Entre Eliot y Martel, Vargas Llosa sitúa en La sociedad del espectáculo de Guy
Debord, publicado en francés en 1967 (Pre-textos, 1999), que interpreta el mundo como
espectáculo, el inicio de una deriva que “implica un empobrecimiento de lo humano” que mayo
de 1968 no hará sino acentuar en un tránsito en el que, como señalan Gilles Lipovetsky y Jean
Serroy en La cultura-mundo (Anagrama, 2010), la imagen y el sonido a través de las múltiples
pantallas que pueblan la vida cotidiana actual, se hacen el soporte casi universal de la cultura.
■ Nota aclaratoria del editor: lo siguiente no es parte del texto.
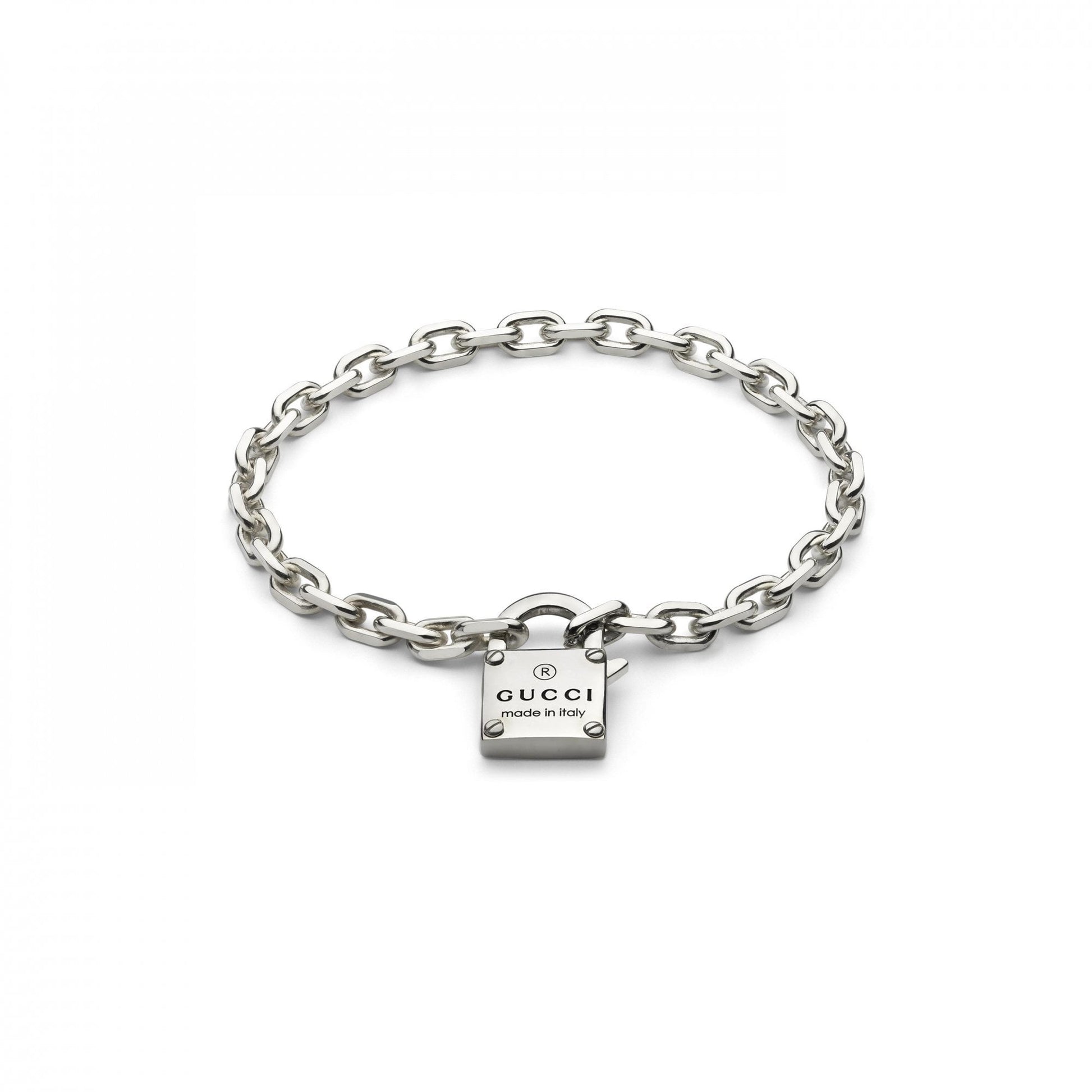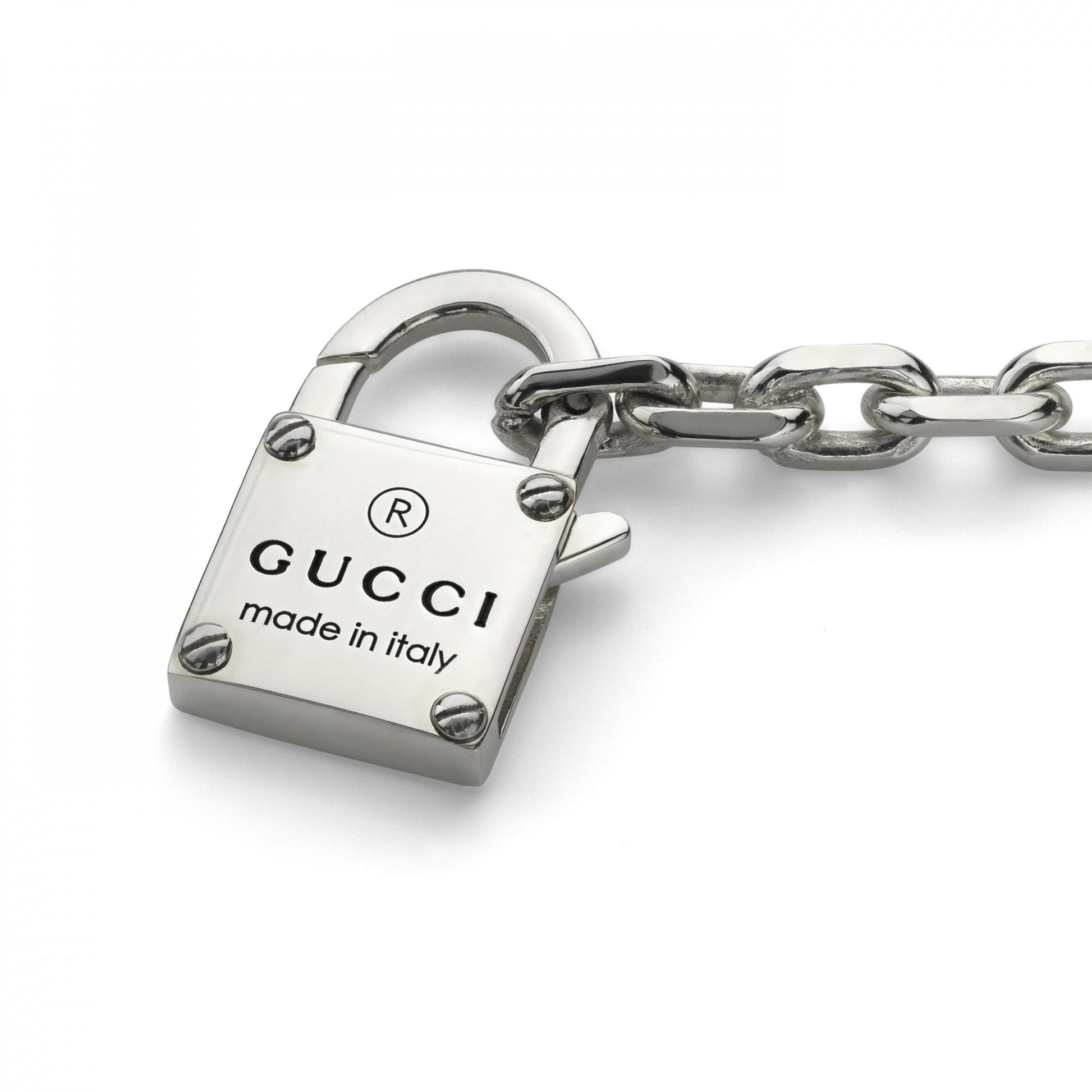 Bracelet in sterling silver with padlock motif and Gucci trademark detail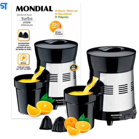 Espremedor Extrator de Sucos Mondial, Turbo 250W Black Premium, Bivolt - E-10

Concebir la cultura como espectáculo implica su banalización. Supone entronizar la idea de


entretenimiento en su concepción más frívola. Añadamos masificación y tendremos a la cocina,
a la moda o al fútbol ocupando el espacio público y la inteligencia privada que debería
corresponder a la literatura, al pensamiento y a la presencia de unos intelectuales desplazados a
la periferia social.

Con el agua que se lleva la alta cultura y la crítica desaparece también el erotismo, y se
hace imposible convertir el acto sexual en arte. Banalizado también el sexo, reconducido a lo
“puramente instintivo y animal”, lo genuinamente humano se disuelve. Sólo así es posible que
se den ciertos disparates. La Junta de Extremadura, en 2009, con el apoyo de la de Andalucía,
organiza dentro de su plan de educación sexual, “unos talleres de masturbación para niños y
niñas a partir de los catorce años”.

Diseñadas las grandes líneas de lo que Vargas Llosa entiende como el gran desastre cultural de
nuestro tiempo, el lector se encuentra con la agradable sorpresa de una serie de textos recogidos
por el autor desde 1996 y que se entreveran muy bien con el hilo narrativo del libro. Hilo que
cose distintas situaciones, experiencias y reflexiones por las que ha ido pasando Vargas
Llosa. Política, poder, educación, medios de comunicación, nuevas tecnologías y religión
pasan un escrutinio que en ocasiones es de extrema dureza. La situación actual del arte, de
la crítica y de los expertos que han contribuido a crear una burbuja que en su artificiosidad y
malicia tiene muchos puntos en común con la de la construcción, le proporciona a nuestro autor
munición abundante. La Bienal de Venecia le ofrece un blanco perfecto.

Podría pensarse en un Mario Vargas Llosa que sobreactúa desde el torreón de su fama y
su vida. Tal vez, pero las voces de alarma ante la transformación de la cultura y la civilización
occidental no hacen sino subir de tono.